The EU's member states are no longer all that attractive for investments, and other regions of the world are also not tempting because of the global economic decline. The economies of Central European countries, however, are continuing to develop at a more rapid pace, and Latvia, as an EU member state, could be interesting to investors.
The EU and money 3
In teaching classes at the master's degree program in European studies at the University of Latvia, I am sometimes surprised to find that some of my students are Euroskeptics. If students who have chosen to pursue European studies from amongst a wide range of study programs are skeptical about Latvia's membership in the EU, then what do less informed people in society think about this matter? I must say that people in Latvia do not have a uniform opinion about Latvia's joining the EU. Surveys and views which people have expressed in the mass media indicate that approximately one-third of Latvia's residents have a negative view of the Union.
Why are so many people in Latvia Euroskeptics? One reason is that people don't understand Latvia's role, rights and, especially, benefits upon joining the European Union. Sadly, one must sometimes admit that some of the arguments in favor of or against Latvia's membership in the EU are more intuitive than they are based on any facts or knowledge about the EU and its activities. Some of the claims are entirely without justification. People lack information, and the Latvian government must be more active in organizing informational events about the EU and its policies. There must be more in the way of explanations about what Latvia will win and lose when it joins the EU.
Latvia's benefits upon joining the EU will be very varied - economic, social, political, etc. I feel that the most important economic gains are the following:
If we look at opportunities to attract investments, then we must conclude that Latvia, as a member state of the European Union, will attract finances from structural and cohesion funds in pursuit of its economic and social policies. The structural funds are financial instruments, which are used in the context of the EU's regional development policies, and they help EU member states to deal with their socio-economic problems. The role of the structural funds in the development of national economies is obvious. The success story of Ireland, for example, has been discussed to a great extent. Given that Latvia's economic and social development indicators are way below the average level in existing EU member states, it is of key importance to get some of that money for various projects in Latvia. New projects and direct investments in industry, the infrastructure, environmental protection, agriculture, education and health care will create jobs and promote economic growth. Much has been written in the press about this aspect of investments.
An indirect benefit from Latvian membership in the EU, meanwhile, is the fact that the current-day EU's member states are no longer particularly attractive for investments, and other regions of the world are not tempting in terms of making large investments there because of the global economic decline. The economies of the Central European countries, by contrast, are continuing to develop at a more rapid pace than is the case in other countries in the world, and this is a region which can attract investments. The Baltic States are particularly attractive. GDP growth in Latvia is the highest among the Baltic States and the EU candidate countries. As a member state of the EU, therefore, Latvia will be interesting to foreign and local investors alike. The status of an EU member state would provide investors with certain guarantees that the business environment is in line with the EU's high standards.

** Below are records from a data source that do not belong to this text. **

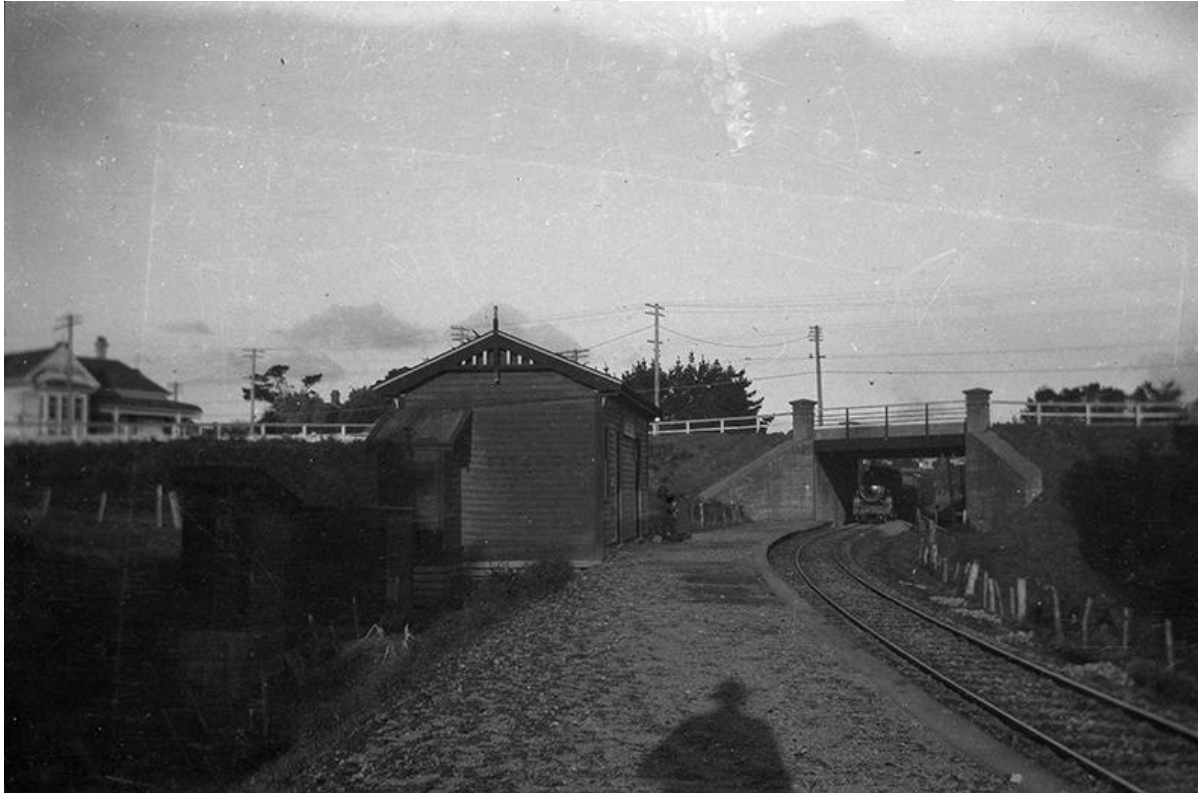
Fitzroy Railway Station, Strandon, circa 1930s, [Devon Street East overbridge with train emerging in background]

The railway deviation bridges continue to serve New Plymouth well into the twenty-first century and excepting the replacement of the original steel handrails, have been little altered since first constructed. Whilst rail traffic below the bridges has decreased significantly since 1907, vehicle traffic above has grown massively, with the Devon Street East bridge, the busiest of the four, now carrying an average of 19,000 cars every day!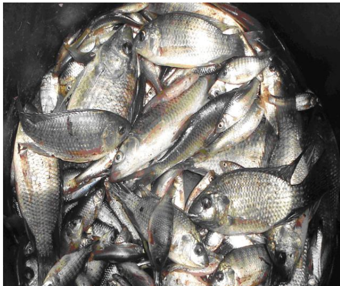
Figure 5. Different sizes of tilapia fish caught by beach seining at the newly created artificial Apoko Lake of the Sondu-Miriu River.

this part of the river (UZ and DZ) has no fish. The community seems ignorant of the present and abundant fish in this part of the river. It is noted, also, that in spite of the newly created and promising fisheries that has, apparently occur due to the creation of a new lake in the area (Lake Apoko/ the Apoko Pond area in the Upper Zone), there are already uncontrolled and destructive irresponsible methods of fish harvesting going on in the area (Figure 5).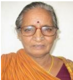
Appalanasamma Home-5 (Girls)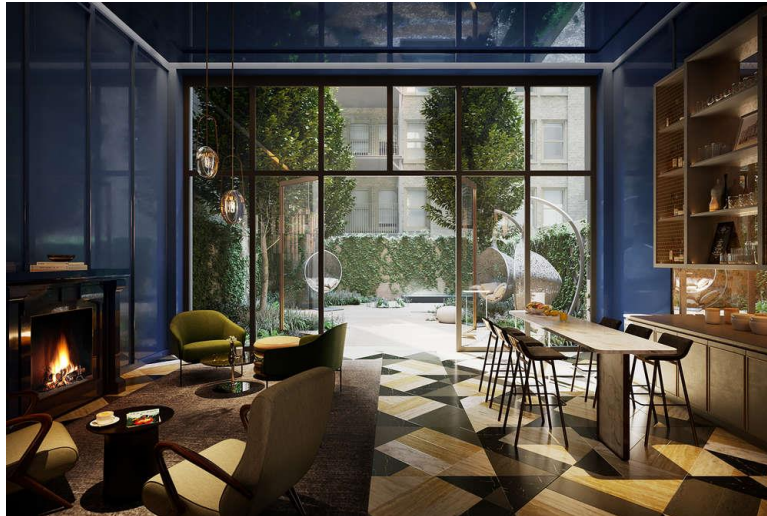
The exclusive lobby bar called The Blue Room (Rockefeller Group)

An exclusive lobby bar called the Blue Room has a lounge reminiscent of a luxury hotel's, marble fireplace with a bronze finished ornamental screen, a library curated by Strand Books, and a beautifully landscaped courtyard.

Then there is the issue of monetary stability. Latvia has significant problems with its current account balance, therefore the financial and monetary system is rather vulnerable. This is one of the reasons why IMF has insisted that Latvia must reduce its budget deficit. In joining the EU and the Economic and Monetary Union, Latvia will become a part of the EU's financial system. That will guarantee stability in prices and exchange rates, stable interest rates on government securities, and the elimination of any risks related to the financial system.
These are by no means the only benefits, which will accrue to Latvia upon joining the EU, but let's leave the other benefits to another discussion.